I hope Im not stating the obvious but your Zig isnt charging off mains 240v - I suspect your battery is ok as it is starting off working in a chargedd state. You could do with sticking a meter over the terminals and monitoring the output voltage.


----------



## rayc (Jun 3, 2008)

selawman said:


> Elddis Autostratus EB SE 1999. ZIG Marque III unit.
> Recently started having a power loss issue when on hook up.
> On a site last week (16amp EHU) I had the Carver fanmaster on together with 2 downlighters, (mine still uses the car type bulbs).
> That was fine until I switched on another light in the kitchen area and I could hear the fanmaster noticeably slowing. I then switched on one more light which brought the Fanmaster to a stop.
> ...


Does it only happen on hook up i.e is everything hunkey dory power wise when not? 
It looks like the habitation battery/ies are on the way out and the charger if it is working is struggling to cope. Obviously very difficult to diagnose from afar.


----------



## 1302 (Apr 4, 2006)

I hope Im not stating the obvious but your Zig isnt charging off mains 240v - I suspect your battery is ok as it is starting off working in a chargedd state. You could do with sticking a meter over the terminals and monitoring the output voltage.


----------



## raynipper (Aug 4, 2008)

It might not be an overload but a slight imbalance fault.????

Ray.


----------



## listerdiesel (Aug 3, 2012)

Sounds like a dead charger as 1302 mentions.

Ours will support 40+ amps load on EHU, or in sunlight we can run virtually everything off the solar panels, so it does sound like the battery is going flat through lack of charge.

Zig didn't have the best of reputations before they went bust.

Peter


----------



## Penquin (Oct 15, 2007)

Dying or dead charger is my thought......

if you have a voltmeter, put it across the terminals of the battery and then read the voltage, then turn on the EHU and the voltage should rise to about 13.6 I think, it will be around 12 - 12.4 on the battery alone. If you have solar panels working they will also be adding to the charge so ideally do when they are not i.e. when dark.
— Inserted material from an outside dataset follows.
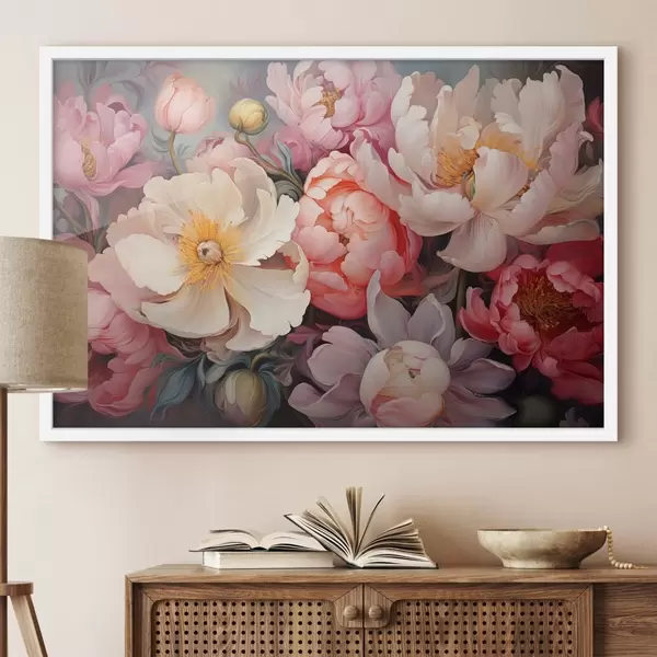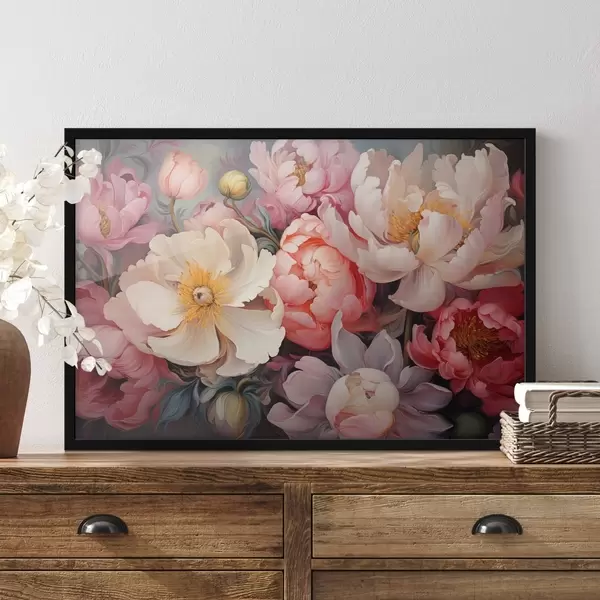 Plakatas Sodrūs rožinių atspalvių aliejinės tapybos stiliaus bijūnai f44936

If the charger is giving 13.6v then the batteries will be suspect, but I suspect the fault lies in the charger.....

Dave


----------



## raynipper (Aug 4, 2008)

raynipper said:


> It might not be an overload but a slight imbalance fault.????
> 
> Ray.


Sorry, got that wrong as I thought it was an EHU problem.???? :?

Ray.


----------



## selawman (Sep 24, 2012)

Thanks to everyone for the replies so far.
Shows my naivety as this is my first MH and I assumed that when hooked up everything operated like the mains in a house!  
Suspect charger does seem to be the consensus, so will check that area first.
I'll update when done!


----------



## selawman (Sep 24, 2012)

Right then, not got round to checking charger yet as suggested (but fully intend to).
Spoke with a fellow MH'er today who suggested that when plugged into the mains then the power is supplied directly and not via the battery. 
Now, I know that at the very least my downlights ARE supplied via the battery as they are fitted with 12V auto bulbs, which I believe would blow if directly connected to the mains!
So, as I am still trying to get to grips with it, my question is this, I know that when away from sites and other sources of power then the battery supplies ALL power! But what happens to the van's electrical system (in layman's terms) when I plug in?
Thanks in anticipation!


----------



## rayc (Jun 3, 2008)

selawman said:


> But what happens to the van's electrical system (in layman's terms) when I plug in?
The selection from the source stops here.